- Requirement
Number of lines with "график" in the data: give that figure by itself.

Stored dataset items
.....

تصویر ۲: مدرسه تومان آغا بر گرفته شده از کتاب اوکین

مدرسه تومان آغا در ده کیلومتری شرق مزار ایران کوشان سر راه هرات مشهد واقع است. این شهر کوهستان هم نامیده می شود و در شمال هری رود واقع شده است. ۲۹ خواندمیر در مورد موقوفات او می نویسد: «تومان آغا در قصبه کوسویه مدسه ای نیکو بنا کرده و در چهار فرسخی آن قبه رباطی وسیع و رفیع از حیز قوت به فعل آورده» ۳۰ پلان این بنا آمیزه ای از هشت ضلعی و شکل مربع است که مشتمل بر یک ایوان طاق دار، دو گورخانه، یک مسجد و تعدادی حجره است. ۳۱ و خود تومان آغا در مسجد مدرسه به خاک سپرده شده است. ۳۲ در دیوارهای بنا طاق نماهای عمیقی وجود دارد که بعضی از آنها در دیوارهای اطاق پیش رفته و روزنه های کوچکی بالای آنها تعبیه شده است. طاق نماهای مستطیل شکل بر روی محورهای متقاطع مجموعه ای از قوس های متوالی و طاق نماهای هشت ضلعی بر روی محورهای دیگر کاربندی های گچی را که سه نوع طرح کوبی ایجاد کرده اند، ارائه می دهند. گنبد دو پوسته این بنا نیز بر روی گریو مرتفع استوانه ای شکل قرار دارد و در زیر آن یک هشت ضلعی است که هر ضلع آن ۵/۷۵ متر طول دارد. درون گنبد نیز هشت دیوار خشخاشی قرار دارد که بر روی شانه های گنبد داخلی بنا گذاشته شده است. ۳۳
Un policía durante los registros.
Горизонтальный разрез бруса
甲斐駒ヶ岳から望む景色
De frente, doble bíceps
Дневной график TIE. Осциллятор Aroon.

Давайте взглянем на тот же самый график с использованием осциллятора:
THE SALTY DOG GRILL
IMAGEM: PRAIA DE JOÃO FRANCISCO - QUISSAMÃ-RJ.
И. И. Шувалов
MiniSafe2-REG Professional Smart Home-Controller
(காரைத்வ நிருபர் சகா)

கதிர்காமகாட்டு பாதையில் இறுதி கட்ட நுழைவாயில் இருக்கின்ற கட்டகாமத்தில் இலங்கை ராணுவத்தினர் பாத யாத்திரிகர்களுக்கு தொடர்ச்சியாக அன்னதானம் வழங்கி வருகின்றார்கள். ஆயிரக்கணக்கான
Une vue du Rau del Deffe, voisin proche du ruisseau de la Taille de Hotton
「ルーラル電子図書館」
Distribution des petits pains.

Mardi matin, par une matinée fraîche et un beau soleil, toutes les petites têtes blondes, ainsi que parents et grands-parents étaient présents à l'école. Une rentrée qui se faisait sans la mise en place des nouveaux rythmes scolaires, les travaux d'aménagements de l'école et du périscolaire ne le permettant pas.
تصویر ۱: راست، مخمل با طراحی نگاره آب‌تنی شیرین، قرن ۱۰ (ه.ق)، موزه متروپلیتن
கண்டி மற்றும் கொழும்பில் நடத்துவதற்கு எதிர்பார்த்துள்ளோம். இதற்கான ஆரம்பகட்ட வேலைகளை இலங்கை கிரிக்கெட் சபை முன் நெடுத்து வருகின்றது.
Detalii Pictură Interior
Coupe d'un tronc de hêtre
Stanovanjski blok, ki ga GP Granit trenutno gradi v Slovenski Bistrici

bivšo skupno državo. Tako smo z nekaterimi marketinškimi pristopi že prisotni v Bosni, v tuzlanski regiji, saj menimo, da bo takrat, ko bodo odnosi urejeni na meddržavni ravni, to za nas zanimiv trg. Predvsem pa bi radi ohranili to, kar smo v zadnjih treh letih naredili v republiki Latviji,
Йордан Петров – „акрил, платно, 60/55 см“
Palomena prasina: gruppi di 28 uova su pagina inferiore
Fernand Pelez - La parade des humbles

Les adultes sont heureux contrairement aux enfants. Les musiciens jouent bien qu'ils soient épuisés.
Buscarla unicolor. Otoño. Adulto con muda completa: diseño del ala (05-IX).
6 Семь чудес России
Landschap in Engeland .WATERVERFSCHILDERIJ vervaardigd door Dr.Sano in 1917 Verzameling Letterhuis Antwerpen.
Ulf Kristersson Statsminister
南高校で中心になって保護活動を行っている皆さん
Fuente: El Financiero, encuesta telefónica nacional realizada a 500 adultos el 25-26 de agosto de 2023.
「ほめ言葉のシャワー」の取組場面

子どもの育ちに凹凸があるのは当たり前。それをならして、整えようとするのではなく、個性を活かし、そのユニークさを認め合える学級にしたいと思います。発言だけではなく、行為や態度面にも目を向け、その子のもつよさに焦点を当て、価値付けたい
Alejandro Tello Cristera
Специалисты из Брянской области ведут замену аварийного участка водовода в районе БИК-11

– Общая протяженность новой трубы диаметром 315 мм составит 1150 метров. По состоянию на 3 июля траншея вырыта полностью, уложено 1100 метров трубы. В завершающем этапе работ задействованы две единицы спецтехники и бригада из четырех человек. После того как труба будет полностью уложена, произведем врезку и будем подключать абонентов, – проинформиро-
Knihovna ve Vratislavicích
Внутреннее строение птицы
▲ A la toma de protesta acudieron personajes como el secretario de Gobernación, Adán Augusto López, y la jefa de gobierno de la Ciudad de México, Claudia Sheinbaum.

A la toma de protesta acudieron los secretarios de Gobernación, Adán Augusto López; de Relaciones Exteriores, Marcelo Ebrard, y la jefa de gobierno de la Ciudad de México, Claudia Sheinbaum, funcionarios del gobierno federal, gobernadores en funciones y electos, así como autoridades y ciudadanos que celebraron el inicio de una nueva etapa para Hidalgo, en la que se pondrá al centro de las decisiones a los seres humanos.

.....

- Result of this exercise
2